Margherita è una bambina di quasi sei anni, nata e cresciuta a
Roma. Margherita non ha mai chiesto di essere
portata allo zoo, al parco acquatico, al circo con
animali, e una volta, capitataci per caso, stette tutto
il tempo col muso chiedendo di andare via. Margherita non ha mai
chiesto di possedere un uccellino o un criceto, non ha mai
mangiato animali e quando suo padre provò a farle assaggiare un
merluzzo lo risputò nel piatto disgustata. A tre anni, passando
davanti a una macelleria, Margherita si rivolse
a sua madre esclamando angosciata: «Hai visto? In questo posto è
pieno di pezzi di animali morti!». A tre anni
Margherita non conosceva il significato delle parole prosciutto,
mortadella, salame, salsiccia, lombata, braciola, ossobuco,
bistecca e così via. Nella sua rete di segni le macellerie erano,
e restano, luoghi pieni di «pezzi di animali morti».
Margherita, mia figlia, ha ricevuto
fin dalla nascita un’educazione antispecista,
vale a dire un’educazione improntata al rispetto degli
animali, al loro diritto alla vita e alla libertà,
contro lo sfruttamento e il dominio dell’uomo.
La storia di Margherita ci pone davanti a quesiti che mettono in
discussione una verità socialmente condivisa: mangiare
animali è biologicamente necessario? o meglio, risponde
a un istinto naturale della specie umana? La
risposta è no. Uccidere e mangiare animali non ha nulla di innato
e non è necessario. Ciò che viene chiamato istinto
onnivoro è un insieme di pratiche, credenze e
stereotipi culturali. Quanto esporrò di seguito attinge alle
lezioni tenute all’Università di “Tor Vergata” dall’antropologo
Piero Vereni i cui insegnamenti sono stati applicati al tema del “carnismo”.
La tesi è che sono le scelte culturali a determinare l’ambiente in
cui viviamo e, una volta costruito il nostro ambiente (le
abitudini, i gusti, i comportamenti), saremmo indotti a credere
che quel sistema sia quello naturale.
Il ruolo della cultura - La cultura è un sapere
appreso.
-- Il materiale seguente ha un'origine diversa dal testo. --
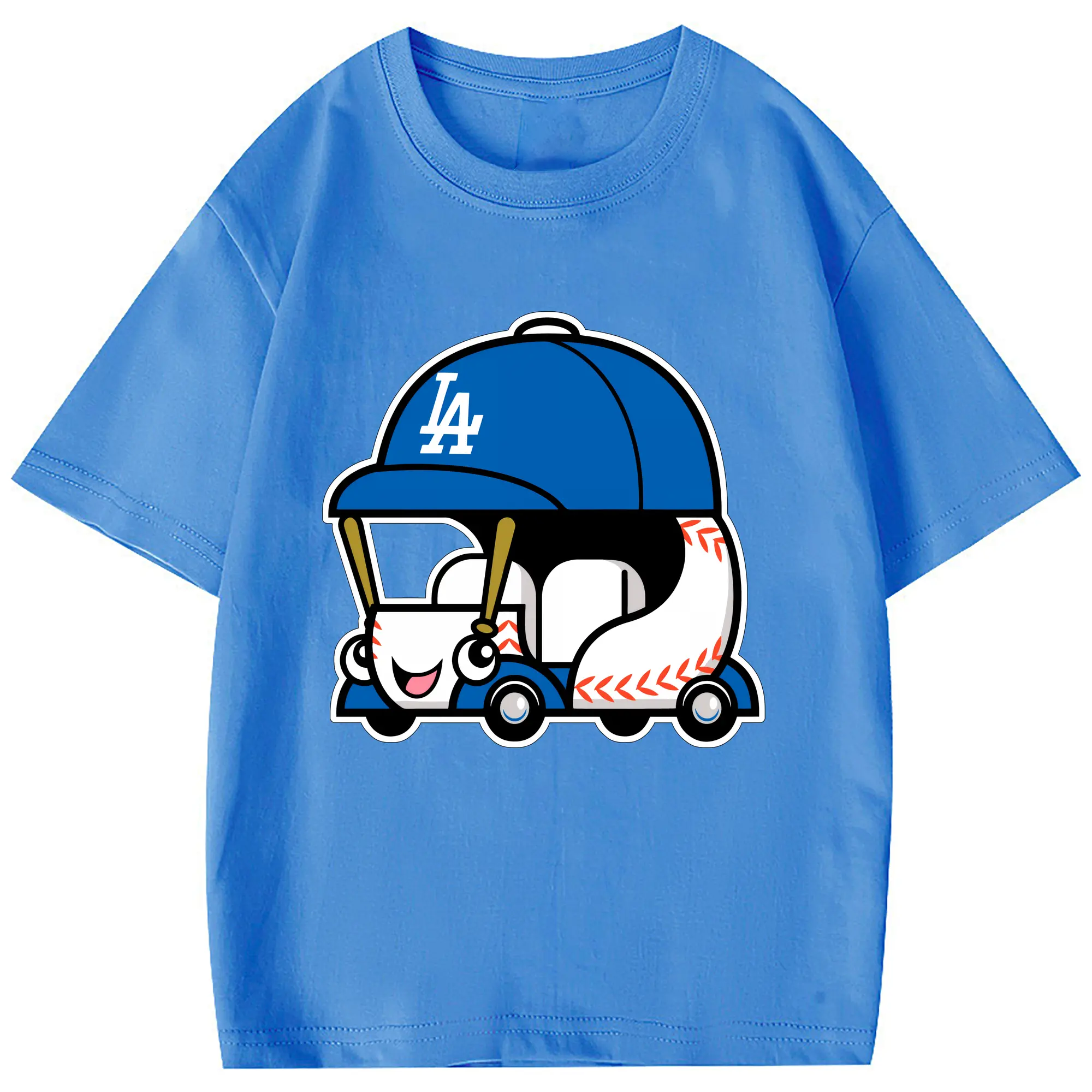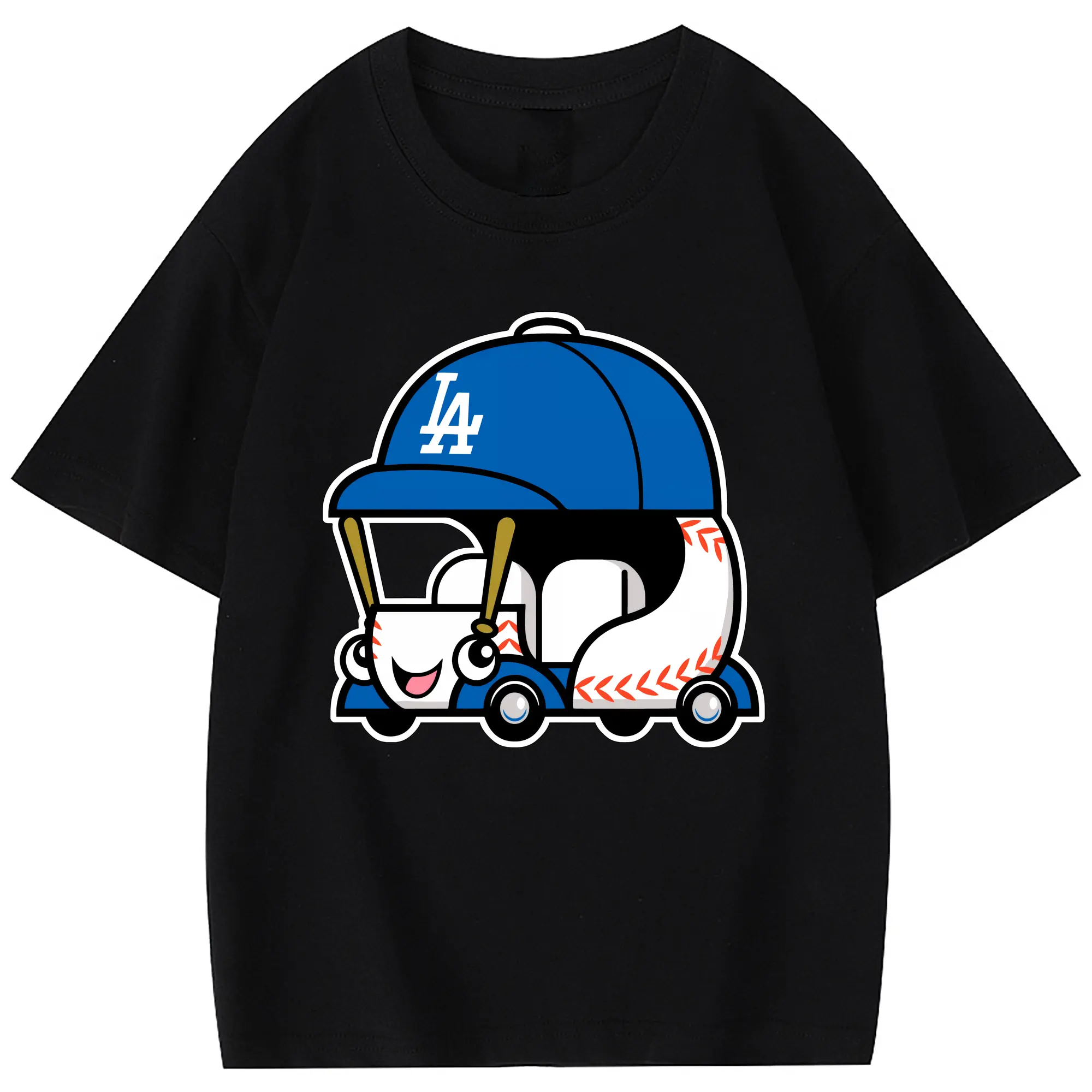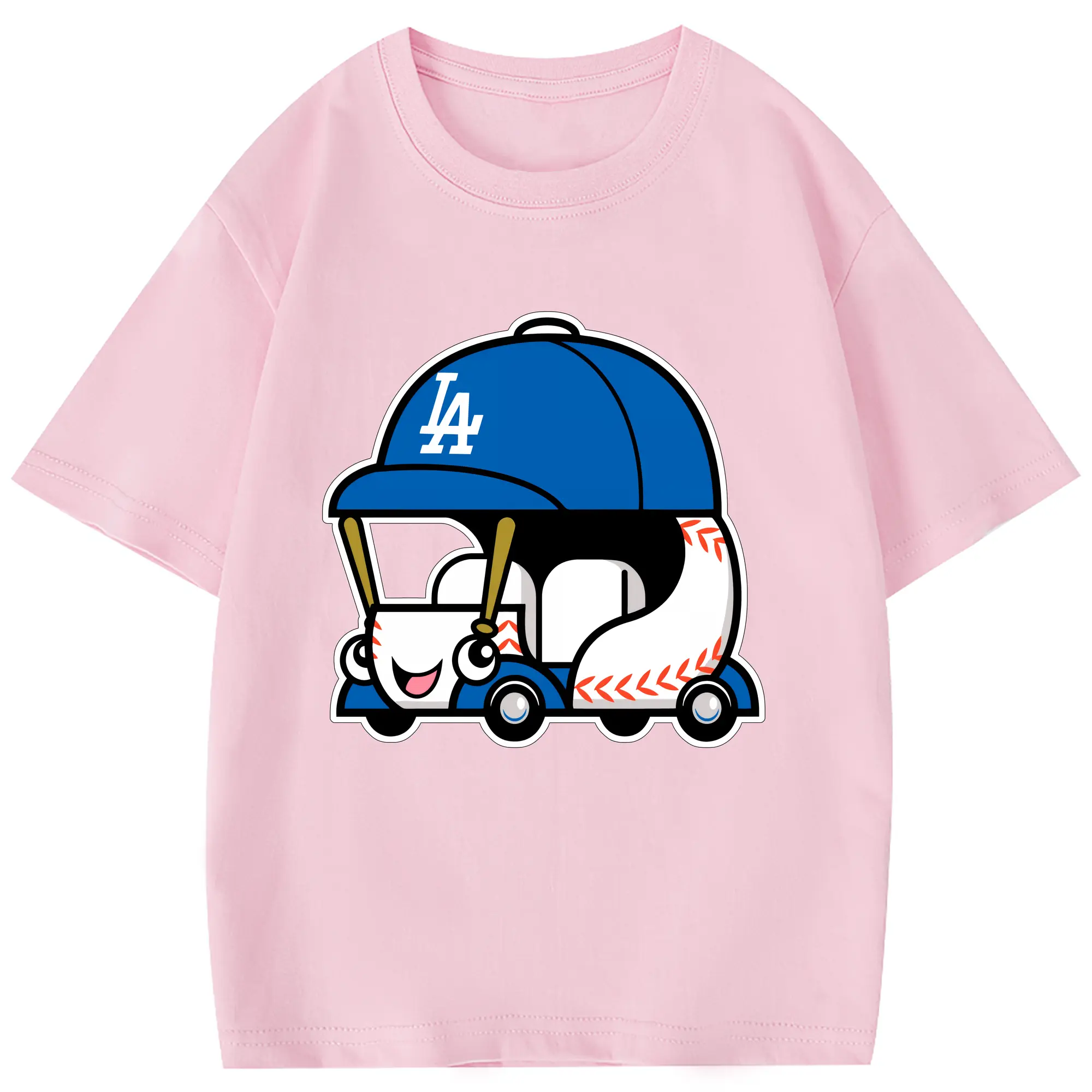 Cute Dodgers Bullpen Car Baseball - Combed Cotton Kids T-Shirt 180g With Front Heat Transfer Print – Soft, Lightweight, Side-Seamed Design – Stylish And Comfortable Casual Wear For Everyday Activities

Il sapere si apprende in modo formale (per esempio in
un’aula universitaria) e informale. Il sapere informale viene
acquisito in forme subconscie, senza una chiara consapevolezza di
come sia entrato a far parte delle nostre conoscenze. Il sapere
appreso lo sentiamo talmente nostro da non saperlo più scindere
dalla natura. In realtà la quota del comportamento innato per gli
umani è bassissima, specie rispetto agli altri animali, che
appunto possiedono più qualità naturali.
Che cosa è innato nell’uomo? - Il battito
cardiaco, la suzione, lo sbattere le palpebre, il movimento
intestinale. Le scelte alimentari, invece, sono frutto di una
educazione culturale a cui l’uomo è stato esposto. La
caratteristica degli esseri umani è appunto l’apprendimento.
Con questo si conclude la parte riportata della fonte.